Six participants in each session would be ideal, she said.

“It’s a small group we’re working with,” she said. “There’s better camaraderie, more interaction and more freedom to speak.”

She said each person signs a confidentiality agreement “that holds forever,” Michel said. “So that people are free to talk about what they need to talk about.”

She said the program is directly oriented to the first responder culture.

“They think, ‘We got to be tough. We can’t show our emotions,'” Michel said. “There’s very seldom is a good way of processing all the stuff that comes later.

“Their training kicks in and they do what they need to do, but afterward they need a way to ciphon off the adrenaline,” she said. “Unfortunately, they go too often with a way of processing it. And sometimes they go the local bar to drink it away.”

That can lead to issues with alcohol or drug abuse, or problems within their families.

“We offer a program that has an educational component,” she said. “It’s highly holistically oriented — mind, body and spirit, and emotions, intellect and social interaction.”

Even if an individual is able to process a major stressor themselves, too many in a short time can take their toll.

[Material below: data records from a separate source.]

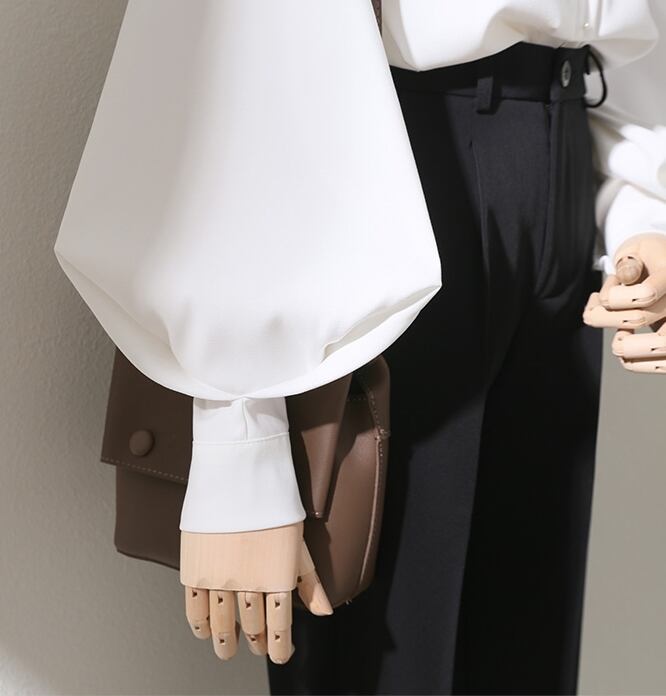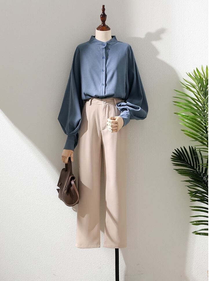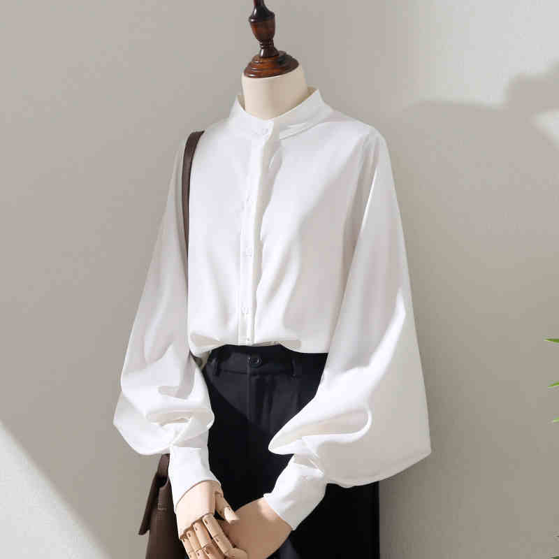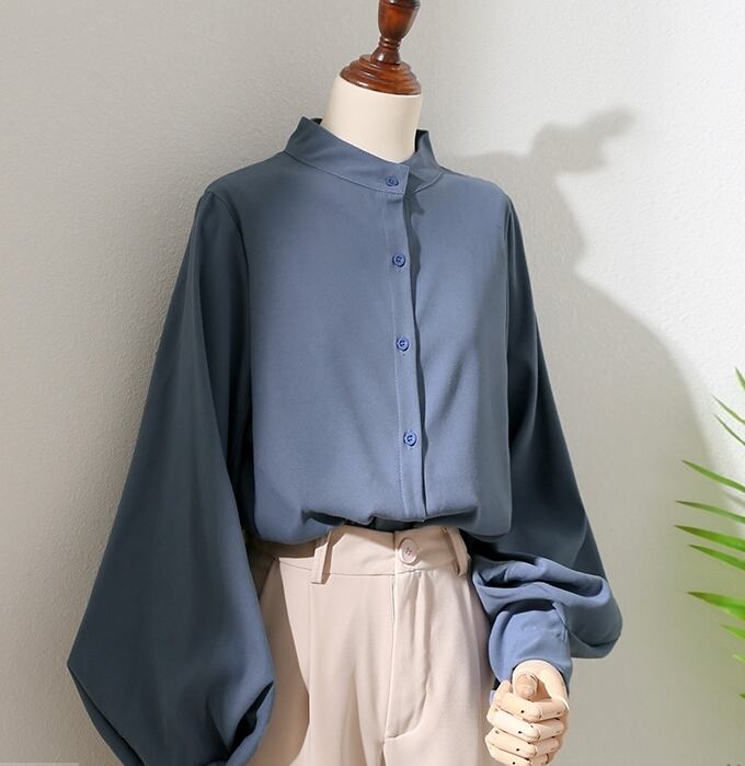 トップス ボリュームスリーブ ブラウス スタンドカラー 長袖 ボリューム袖 クラシカル シフォン おすすめ おしゃれ お洒落 激安 安い 送料無料 プチプラ 可愛い かわいい 韓国 かっこいい カジュアル 大人 上品 きれいめ おしゃれ 大人可愛い 大人女子 モード系 オフィス ビジネス OL 通勤 デート お出かけ 女子会 レディース 女性用 20代 30代 ママ 着回し 普段使い 重ね着 オルチャン ファッション モテ ホワイト ブルー カーキ ブラック
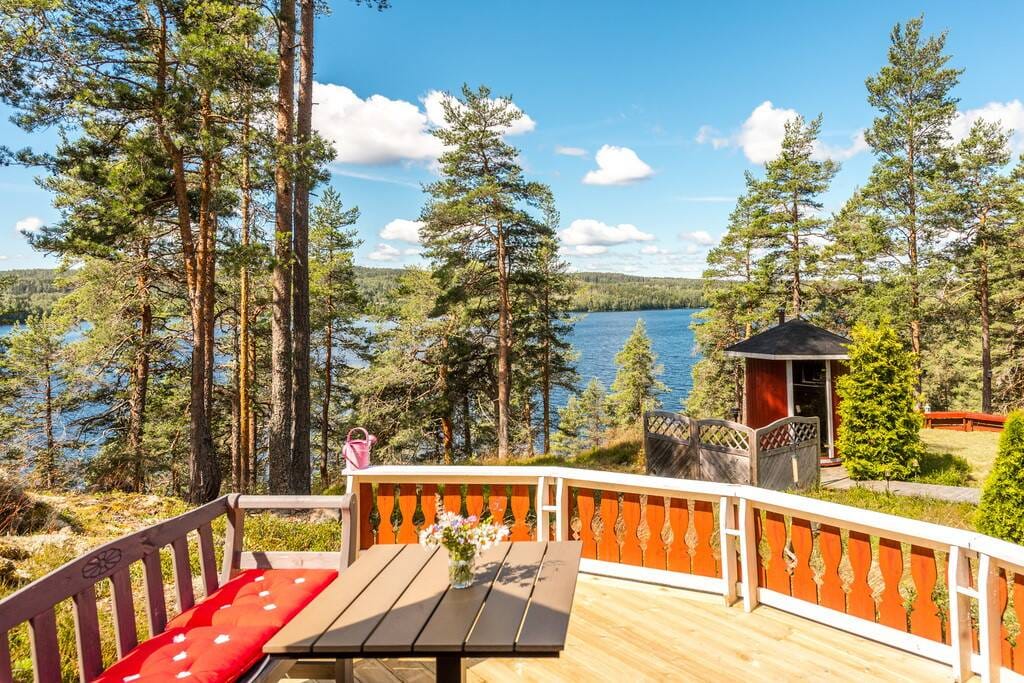 Este cómodo alojamiento ofrece unas impresionantes vistas panorámicas de las aguas resplandecientes y una ubicación fuera de lo común. Relájese en el balcón y disfrute de una indescriptible puesta de sol sobre el agua desde el jacuzzi, date un chapuzón refrescante desde tu propio embarcadero o disfruta de un baño de sauna caliente en las noches frías. ¡Aquí se vive cómodamente durante todo el año y siempre hay algo que hacer! Días de verano tranquilos, bosques repletos de setas y bayas, paseos en barco silenciosos con motor eléctrico y posibilidades de hacer ejercicio en plena naturaleza. ¡Las posibilidades son infinitas!
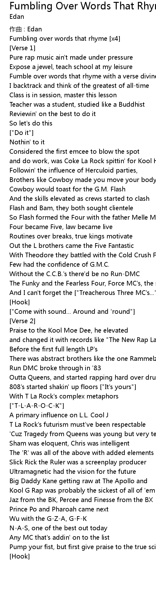 | 歌曲 | Fumbling Over Words That Rhyme |
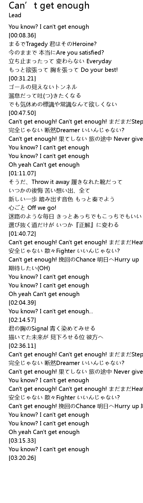 | [02:59.55] | Can't get enough! 挽回のChance 明日へHurry up 期待したい |

“It might take two or three weeks to deal with it emotionally,” she said. “If another incident comes up within that time, it leads to cumulative stress.

“They learn what goes on in the physical brain from a psychological point of view,” she said. “It’s not emotional weakness.”

The program includes trauma-releasing exercises and sessions on physical health and wellness such as diet, exercise and relationships.

“What are you doing to build a balances life,” she said. “What can I do for myself so I’m not carrying resentment, anger, migraine headaches, sleeplessness or shortness with loved ones.”

A major component is small group sessions where participants talk about their experiences.

“The whole group listens,” she said. “And they start asking each other questions and supporting each other.

“Some haven’t reviewed some incidents for 10 years,” she said. “But they’re still there and they graphically describe every step.”

It’s about letting out those experiences in a way that lets the brain process and release them.

“One person said he was more nervous walking into the building on the first morning than if he had been called to a house where guns were a danger,” she said. “That’s part of what makes it scary, but it is so healing.

“We don’t work miracles, but I’ve seen a lot of transformation happen,” she said.

Because of the stigma, officers were promised anonymity, but some of their responses after taking the class included:

“This class should be mandatory for all first responders. Just like CIT except for ourselves.”

“The group session on the first day showed how we all came in with the same fear of the unknown and fear of ‘how can I confront my demons’ to being able to share with each other by the end of the week.”

“I learned this week that through the (skills) I have been given, I can live a peaceful life if I continue to practice these exercises. I cannot thank the people enough that made it possible for me to come here. I can honestly say that you saved my life.”

“This was a great change of pace from always feeling the need to not feel anything. … It’s nice to feel as if I’ve found a little bit of what was missing. Hopefully, I will make each day more worthwhile for myself and my family.”

“I was a little worried about this at the start, but it didn’t take long to realize this is what I NEEDED. I wish I could have done this sooner. I also hope that more people can share this experience. I will be an advocate for the program.”

“This class was a life changer for me and allowed me to choose a path of peace rather than the path of quitting and moving on to a career that I do not want. My transition back to life is almost like my rebirth. I can hold my head up high and continue forward again. Thank you again for the wonderful, life altering, experience!”

Michel said she will schedule another session when she has eight applications from first responders.